CS计算机代考程序代写 data science deep learning information theory case study AWS AI algorithm A Glimpse of NLP in

A Glimpse of NLP in
Industry

Bo HAN (bo.a. .au)
24/05/2021

mailto:bo.a. .au

Outline
● My Journey & motivations (5 mins)
● Use Case: Geolocation Prediction (20 mins)
● Academia and Industry comparisons (5 mins)
● NLP landscape in industry applications (10 mins)
● Mindset for Industry (10 mins)
● Questions and Answers (10 mins)

My Journey with NLP
Industry Research Institutions: Microsoft Research Asia (2007-2009), IBM Research
Australia (2014-2016)

Universities: University of Melbourne/NICTA (2010-2014)

Professional Firms: Start-up (2016-2017), Kaplan (2017-2018), Accenture (2018-now)

Why should I care NLP/ML in industry?

ML and NLP Publications in 2020

Papers per organisations (2012-2020) Papers per country/region (2020)
(Australia ranked 6th)

Why should I care NLP/ML in industry?

Pictures are from Google Image Search with URL embedded

Case study:
Geolocation
Prediction

Game time: Can you guess the city?

Text-based Geolocation Prediction
Assign a unambiguous geographical location to a piece of text

Input: text data, e.g. an English tweet

Output: one of metro cities across the world, e.g. London, Sydney, New York

Task: A multi-class classification task

Hypothesis: Words carry varying amount of
geolocation information

● Gazetted terms: Australia, Canada, London, Seattle,
● Local sports: hockey, footy, cricket
● Dialectal words: arvo, yinz, howdy
● Geo entities: tube, tram, skyscraper, ferry

Local Words: yinz

Somewhat Local Words: ferry

Common Words: today

Geolocation
Prediction from
Academia View

A Text-based Geo Prediction Framework

Text-based Geo Prediction (Academia)
Q: How to find Location Indicative Words? (LIW)
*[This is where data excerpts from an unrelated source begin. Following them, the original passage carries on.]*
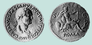 Mynt från Kejsar Vespasianus regering (69-79 e.Kr.) Framsidan t.v. visar Vespasianus. Baksidan t.h. framställer staden Rom under bilden av stadsgudinnan Roma sittande på sju kullar.
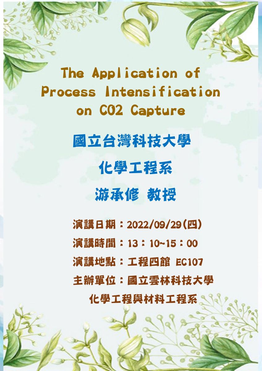 2022-09-29 演講-The Application of Process Intensification on CO2 Capture
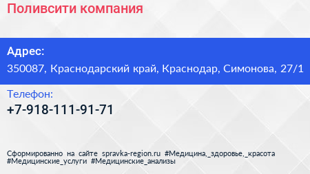 Поливсити, компания по адресу 350087, Краснодарский край, Краснодар, Симонова, 27/1 в дальнейшем Организация, размещена в следующих категориях:
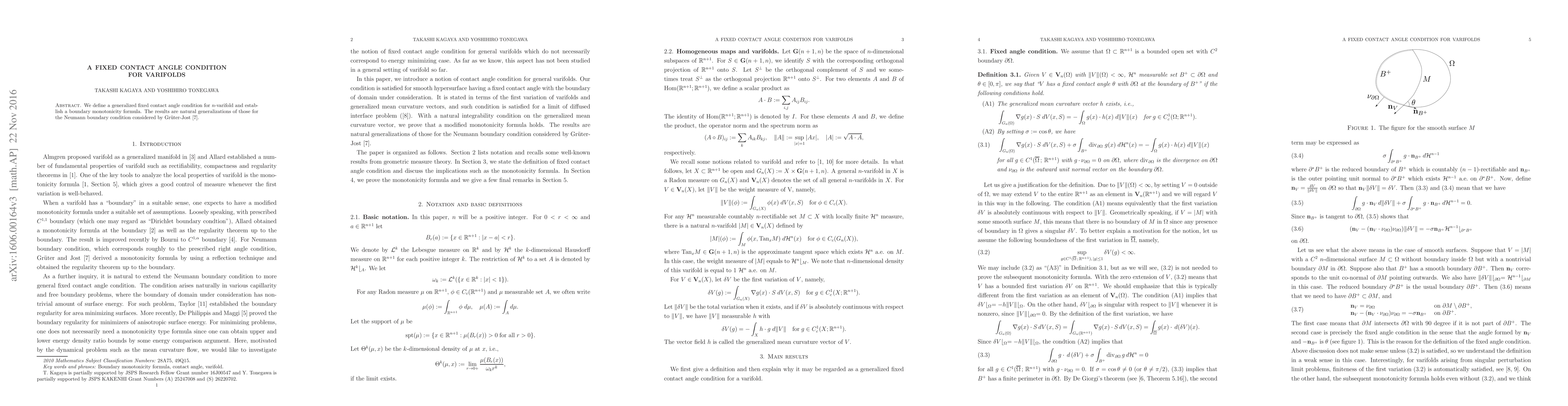 This paper introduces a broadened fixed contact angle condition for n-varifolds, extending Neumann boundary condition results by Grüter-Jost. It presents a boundary monotonicity formula, offering a significant advancement in understanding varifold properties.
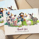 Diga obrigado em estilo inspirado na fazenda com este adorável cartões de agradecimentos de chá de fraldas. Apresentando ilustrações bonitas de animais celeiros como porcos, vacas, ovelhas, burros, gansos e galos, juntamente com sentimentos divertidos de Oink, Baa, Moo e Cock-a-Doodle Doo. Personalize-o facilmente com os detalhes da sua parte e torne-o exclusivo para o dia especial usando o botão "personalizá-lo" para as opções de formatação e posicionamento de texto. Além disso, este cartões de agradecimentos é perfeito para coordenar com outros suprimentos de fazenda para um olhar coeso e sentir a celebração do seu chá de fraldas. Mostre seu apreço aos seus convidados de uma forma divertida e memorável com este cartões de agradecimentos de animais fazendas charmoso.
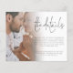 Gabinete de Detalhes de Casamento de Código QR de Foto de Orçamento. Um alternativo de 4,5 pol x 5,6 pol com preço inferior. Disponível em um STOCK DE CARTÃO SEMI-GLOSS 110 lb, que é a opção padrão (mais espesso para convites), OU um STOCK de PAPEL THINNER FINISH 80 lb FINISH (ideal para gabinetes). Adicionar seu código QR ao seu site de casamento no verso faz com que esta seja uma opção conveniente para seus convidados verem todos os detalhes. Você pode criar códigos QR gratuitamente on-line. Basta pesquisar "Criador de código QR" e muitas opções surgem para criar gratuitamente. Um design minimalista para que todos saibam suas boas notícias. Basta substituir o exemplo de foto pelo seu favorito. Uma camada de camada de gradiente está sobre a sua foto, de modo que ela desaparece à medida que ela chega ao centro com o texto parcialmente sobreposto no topo. Os Detalhes estão em um script moderno e personalizam facilmente o resto do texto.
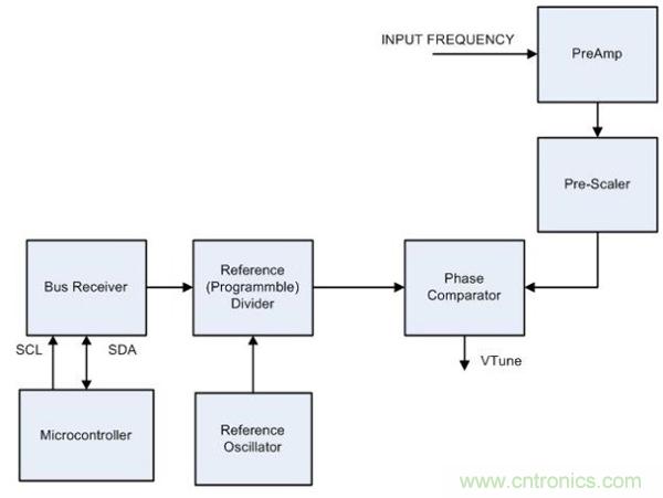 微控制器通過 I2C 發送數據到可編程分頻器。該分頻器也接收來自參考振蕩器(例如 4 MHz 晶體振蕩器)的輸入。相位比較器(即相位檢測器)通過預分頻器接收本地振蕩器頻率(例如 87.15 MHz),還通過參考分頻器和參考振蕩器接收微控制器的輸入(例如,87.15 MHz)。如果兩個輸入都匹配,相位比較器將提供 Vtune 調諧電壓。一旦本地振蕩器頻率與微控制器頻率數據之間稍有不匹配,都將無法提供調諧電壓 (Vtune) 和輸出。圖 3 所示為完整的框圖。
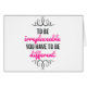 Get this bright pink typographic "to be irreplaceable you have to be different" quote on a huge range of products.
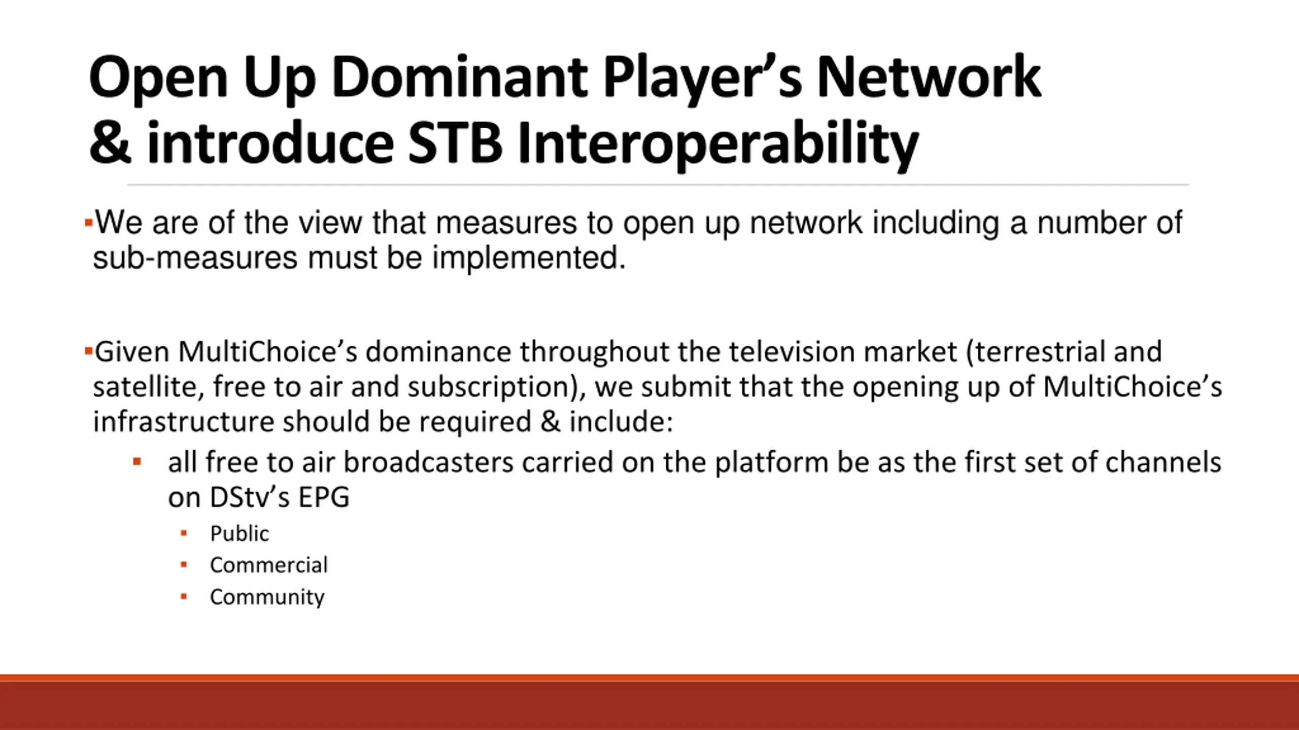 Open Up Dominant Players Network & introduce STB Interoperability We are of the view that measures to open up network including a number of sub-measures must be implemented. Given MultiChoice s dominance throughout the television market (terrestrial and satellite, free to air and subscription), we submit that the opening up of MultiChoice s infrastructure should be required & include: all free to air broadcasters carried on the platform be as the first set of channels on DStv s EPG Public Commercial Community

Q: How to measure model prediction accuracy? (Evaluation)

Q: What are suitable classifiers for this multi-classification? (ML Model)
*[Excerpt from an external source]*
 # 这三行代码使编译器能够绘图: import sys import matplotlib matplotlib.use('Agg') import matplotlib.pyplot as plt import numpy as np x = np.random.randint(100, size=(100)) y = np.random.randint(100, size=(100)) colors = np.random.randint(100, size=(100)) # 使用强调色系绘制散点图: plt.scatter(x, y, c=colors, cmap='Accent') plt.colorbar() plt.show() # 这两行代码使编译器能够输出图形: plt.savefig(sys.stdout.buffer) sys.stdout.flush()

Q: How does input size (i.e. amount of text data) affect the accuracy? (Data)

Q: Will my prediction model accuracy decrease over time? (Generalisation)

Q: Will language, metadata, text-derived network relations affect model accuracy?
(NLP)

LIW

Data ML Model

Generalisation

(NLP)

Evaluation

Geo Prediction

Data Model

Ensemble LearningClassifiersMeta dataText data

GenerativeDeep LearningNon-EnglishEnglish Discriminative

BayesNewsBlogsTweet Gaussian Mixture Logistic Regression

Taxonomy
Example

Geo Prediction

Data Model

Ensemble LearningClassifiersMeta dataText data

GenerativeDeep LearningNon-EnglishEnglish Discriminative

BayesNewsBlogsTweet Gaussian Mixture Logistic Regression

EACL 2021: Social Media Variety Geolocation with geoBERT
EMNLP 2019: A Hierarchical Location Prediction Neural Network for Twitter User Geolocation
EMNLP 2017: Continuous Representation of Location for Geolocation and Lexical Dialectology
using Mixture Density Networks

Recent
Progress

Geo Prediction

Data Model

Business
Integrations

Operations

…… …

Uncharted

Cost …

Geolocation
Prediction from
Industry View

Text-based Geo Prediction (Industry App)
Q: How to find Location Indicative Words? (LIW)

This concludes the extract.